# Rotschild&Stiglitz (RS) Equilibrium

In their pathbreaking paper, Rothschild and Stiglitz define the RS Equilibrium as a set of contracts such that, i) each firm breaks even ii) there exists no other contracts making non-negative profits when offered.

And they show that no pooling equilibrium exists and there may only be a separating equilibrium.

In this separating equilibrium, high risks get full coverage but low risks only partial coverage with premia equal to loss probabilities respectively.

What would you think about another separating contract bundle, in which high risks are cross-subsidised by low risks, as shown in the graph with red insurance lines and green indifference curves (G, H)?

When the new bundle is offered, high risks would prefer it to E and low risks to F (see the indifference curves). And high risks are indifferent between G and H, as in the usual separating equilibrium. Of course, this new bundle wouldn’t make an equilibrium as the yellow shaded area attracts low risks only and it might be the case similar to pooling.

However, wouldn’t the possibility of such bundles lead the usual separating contract to an instability? The new bundle making a non-negative profit seems to violate the second condition of Rothschild-Stiglitz equilibrium.

Numerical Example

• Utility function: natural log
• Initial wealth=100
• Loss in case of accident=90
• Loss probability of low risks=0.1
• Loss probability of high risks=0.9

1) Incentive Compatibility Constraint for Original RS Eq.

log(100-0.9*90)=0.9*log(100-0.1*x-90+x)+0.1*log(100-0.1*x)

where x is the partial coverage amount that low risks receive in original RS eq. Matlab calculates;

• x=6.455383900159773
• Utility(Low risks)= 4.424718438632044

2) Low risks subsidising high risks

Add 0.08 to the premium of low risks and subtract the same amount from high risks. (P.S: This is just an example, I also have the number maximising the utility)

• new coverage=15.424194558495868
• new utility(low risks)=4.452073664660258
• utility of high risks=3.265759410767051 (same for full coverage at higher premium and partial coverage at lower premium)

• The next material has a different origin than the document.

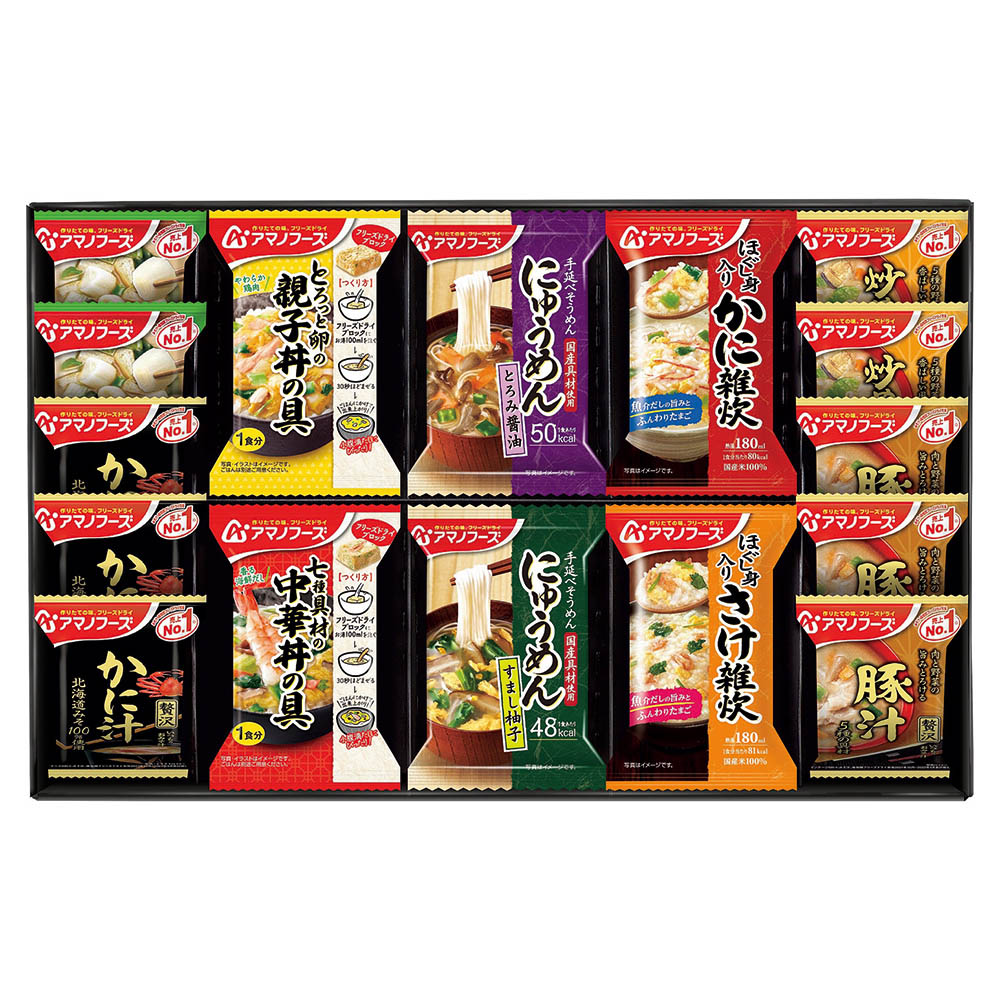 いつものおみそ汁贅沢(かに汁・豚汁×各3、炒め野菜×2)、いつものおみそ汁長ねぎ×2、親子丼の具・中華丼の具・にゅうめんとろみ醤油・にゅうめんすまし柚子・ほぐし身入りかに雑炊・ほぐし身入りさけ雑炊×各2

P.S: There is no need for computing the utility of high risks because they obviously reach to a higher utility level by still receiving a full coverage with a cheaper premium.

Finally, we see that new bundle beats the original RS bundle, doesn't it?

Below are the Matlab codes I made use of:

y=0.08 %subsidy amount ICC = @(x) log(100-(0.9-y)*90) - 0.9*log(100-90-(0.1+y)*x+x) - 0.1*log(100-(0.1+y)*x); %Incentive Compatibility Constraint z = fzero(ICC,50); %coverage amount of low risks WRT ICC z u=0.1*log(100-90-z*y+z)+0.9*log(100-z*y) %utility of low risks

Edit: I also might have a general algebraic proof, but I need to verify it and will share it here afterwards.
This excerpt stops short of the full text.